I’m developing B2B-Apps (iOS and Android), using cordova.

First of all, thank you for your great job. From release to release things are 
going easier and tidier.

It is relatively easy for a beginner to start with cordova, but in a bigger 
project there are a lot of small jobs and decisions, which have to be made: The 
developer has to write clean html, js and css. Has to take care of: structure 
of the project, strategy to fall back and restart the project, testing, ui and 
ux, perhaps knowledge about a js-framework, sqlite, the plugin-things, …

It needs a lot of time to get into all this stuff, learning the tricks and 
finding a good way for developing.

I know, it ist not your job to teach people how to do all this stuff, but it 
would be very helpfully, if there were a page in the documentation «The steps 
after the hello world example». Not a tutorial, just a few sentences and some 
links to going deeper into hybrid development.

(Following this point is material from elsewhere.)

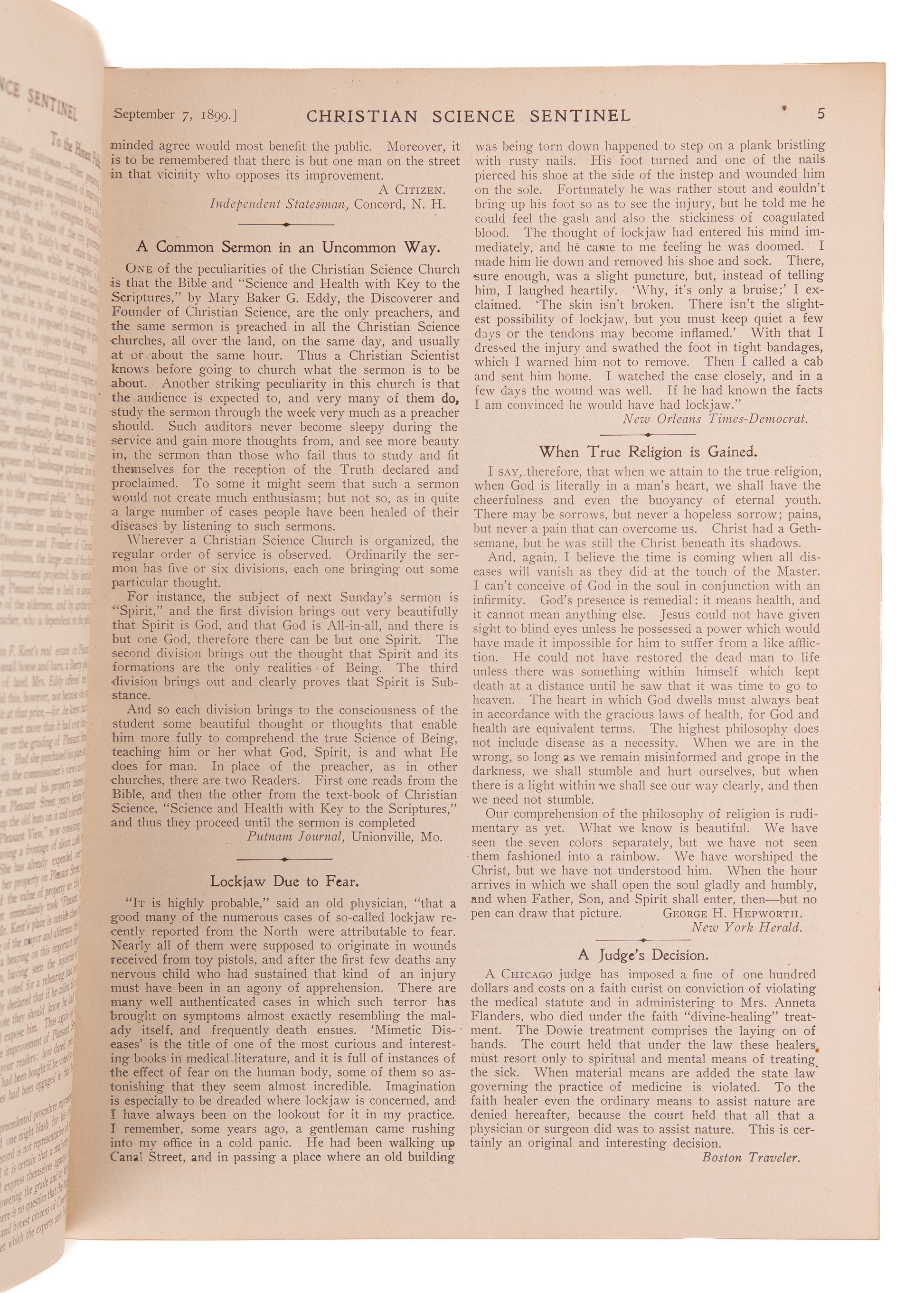 Contents include: Lockjaw Due to Fear; On the Medical Treatment of Children; Is the Practice of Medicine a Science?; New Theory of Sickness; Has a Man a Right to Die?; God not the Author of Sickness; Have Doctors a Right to Kill - Assisted Suicide; Marriages at Sea Illegal; Diptheria Healed; The First American Printing Press; Food Fear; Young Medicos Caught Out [on the fraud of so-called medical "science"]; Euthanasia; Playing Doctor; Brigham Young's Old Employer; The X-Ray a False Witness; Wine as a Medicine; Marconi's Great Invention; Typhoid Fever; How a Baby was Healed; The Eternal Womanly; The Inerrable Word of God; Total Blindness Healed; Archaeology Upsets Higher Criticism; A Woman among Women; Legality of Christian Science; The Applicaton of Christian Science to Dentistry; Clara Barton on Woman's Suffrage; The Gentleness of Jesus; Noted Oculist Failed; Vivesection Rejected; Have Miracles Ceased?; Tobacco and Liquor Habits Destroyed; Fractured Limbs Healed; Fear of Insanity Destroyed; Vaccination [anti-vax; evils of vaccination]; Wireless Telegraphy; Is Sickness Real?; Broken Arm Healed by Christian Science; From Judaism to Christian Science [Henriette Kahn]; Deafness Healed; Appendicitis Healed; Cripple No Longer; The Real and the Unreal; Jewish Rabbi becomes a Christian Scientist; Insanity Healed; The Pan-Helio-Motor - Concentration of Heat Effected by Means of Mirrors; Testimony of a Dentist; Catarrh and Neuralgia Healed Astigmatism Healed; The Massachusetts Metaphysical College; A Minister's View of Faith Healing; Twenty Blind Girls See; Natives of Alaska - Distinct Race with no American Indian Blood; No Sanitarium Wanted; Organic and Hereditary Troubles Healed; etc. etc.

You are the developers of cordova, but there is a need for a bridge to the 
«customers» using cordova. (I’m still thinking about starting a blog, writing 
down my experiences.)


Some suggestions:

– It would be helpful, if cordova could write a «create script», a special kind 
of log-file, in the project folder. In this create-script all steps for 
recreating the project are listed.

– From the beginner side, it would be much easier to symlink the www-files in 
the root to the platform www-files.

– There is a need to write in the documentation on which version of each 
platform cordova and the plugins are tested and running.

 
In my opinion, the most important software thing is, to solve the plugin 
situation, which are not in the core. I know, it ist not your job, but there is 
a need for other plugins and it is horrible to test them.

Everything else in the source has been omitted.